Трудно описать, и вряд ли кто-нибудь бы понял, каково это, испытывать чувства к такому человеку в такой ситуации. И это не какие-то там чувства из жалости — они были кристально чистыми. Его синдром Аспергера6 превосходно сочетался с моей склонностью к… назовём это усложнением. Как мне всегда казалось, лёгкие пути мне закрыты, либо открытые дверцы я привыкла не замечать. Поведение такого человека, как он, было настолько завораживающим (не милым, не вызывающим, и даже не экстраординарным, а именно завораживающим), что я всегда с интересом ждала, что же он сейчас выдаст. Однако часты были такие моменты, после которых становилось крайне неловко. Когда у Дани резко сменялось настроение, он повторял одну и ту же реплику, выкраденную у бедных мёртвых философов или богатых живых демагогов. Похоже, это называется эхолалия7. То, что он говорил, зависело от прочтённого им в последнее время или от того, что показалось ему интересным. Но подкупала вишенка на торте — его, как я это называла, хроническая честность. Как и вишенка, честность могла скатиться в любую сторону, что было непредсказуемо: станет хорошо или хуже, чем было? Но всё же я не могу согласиться с тем, что он действительно болен.

Но сейчас, когда его не стало…

— Дышит, без сознания, пульс есть… Травмы — кошмар! — отзывается врач, а потом добавляет: — Срочно заводи и сразу едем!

Это значит одно: ещё ничего не кончено.

Ни одной идеи о действиях в такой ситуации у меня нет. Я продолжаю сидеть на месте, прижимая к себе картину, краски к которой Даня сделал самостоятельно. Подошёл к делу с такой ответственностью! Наконец разум взял верх, и я поддалаюсь эмоциям. А я прекрасно знаю, что истерика будет продолжаться долго. И это плохо, потому что нужно думать о будущем.

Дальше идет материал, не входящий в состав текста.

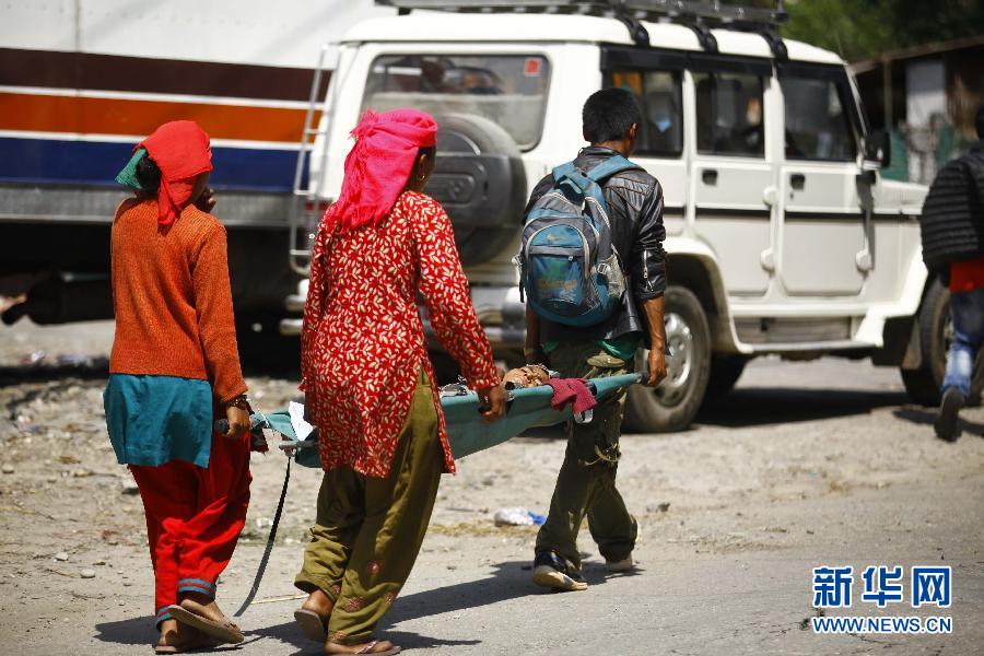 5月3日,在尼泊尔的辛杜帕尔乔克,人们搬运一名伤者去接受治疗。尼泊尔内政部3日公布的最新数据显示,该国4月25日发生的强烈地震已造成7056人死亡,14123人受伤。 新华社发(普拉塔普·塔帕摄)

Моё поведение несуразно даже для меня, ведь я давно оставила печаль позади, что можно было увидеть по моим опухшим глазам и въевшейся кое-где косметике. И я уверена, что не пророню слёз — мы давно всё решили, тысячекратно обдумали и смирились. Скорее всего, меня растрогало одно только: «дышит».

«Дышит… дышит… дышит», — отзывается эхом у меня в ушах.

— Перестаньте, самое страшное уже позади, — заверяет врач, положив ладонь на мою ногу. От этого я громко вскрикнула и тут же продолжила реветь. Он отходит, чтобы помочь погрузить Даню в машину.

Каждое всхлипывание даётся мне с трудом, каждый глубокий вздох отзывается в теле. Необходимо успокаиваться. Отголосками внутренней интуиции я понимаю, что у меня точно сломано ребро (может, и не одно), а раз я могу дышать и сижу достаточно долго для такой травмы, то внутренние органы у меня целы.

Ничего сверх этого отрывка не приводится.